The Molecular Signatures Database (MSigDB) is one of the most widely used and comprehensive databases of gene sets for performing gene set enrichment analysis. Since its creation, MSigDB has grown beyond its roots in metabolic disease and cancer to include >10,000 gene sets. These better represent a wider range of biological processes and diseases, but the utility of the database is reduced by increased redundancy across, and heterogeneity within, gene sets. To address this challenge, here we use a combination of automated approaches and expert curation to develop a collection of "hallmark" gene sets as part of MSigDB. Each hallmark in this collection consists of a "refined" gene set, derived from multiple "founder" sets, that conveys a specific biological state or process and displays coherent expression. The hallmarks effectively summarize most of the relevant information of the original founder sets and, by reducing both variation and redundancy, provide more refined and concise inputs for gene set enrichment analysis.

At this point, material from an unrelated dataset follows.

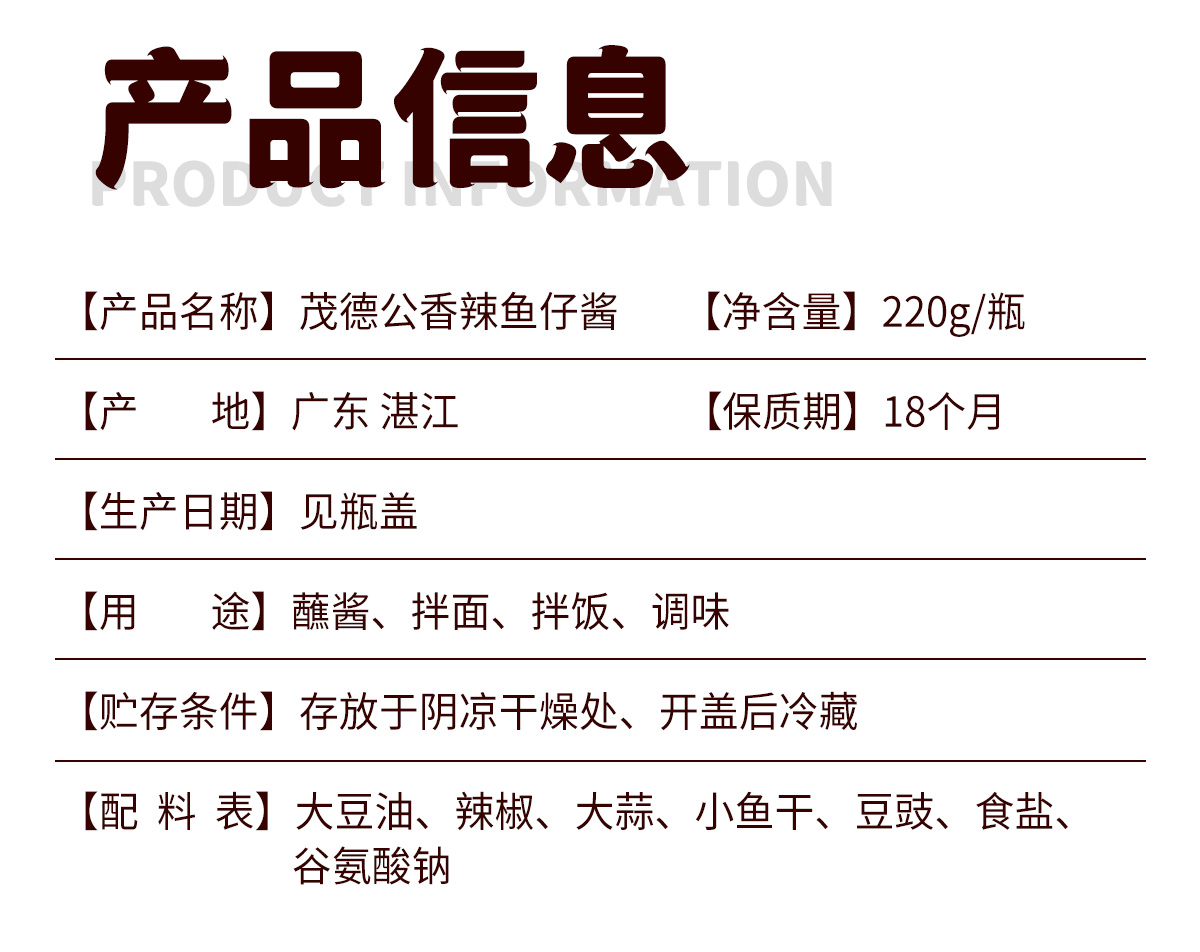 茂德公香辣鱼仔酱辣椒酱下饭菜拌饭酱拌面酱厨房调味酱220g

I am able to to use the msigdbr library to import the gene collections from msigdb into r, but I am unsure of how to specifically use a function to compute the overlaps between the genes in my gene set and the gene sets in msigdb and obtain the FDR p-values. Are there any tutorials online for this method or example codes?

Yes. Until very recently, the recommendation from GSEA developers was to use the pre-ranked GSEA for RNA-seq data, so that has been the default one in my mind since most transcriptomic data is RNA-seq.

Pathway analysis is a common task in genomics research and there are many available R-based software tools. Depending on the tool, it may be necessary to import the pathways, translate genes to the appropriate species, convert between symbols and IDs, and format the resulting object.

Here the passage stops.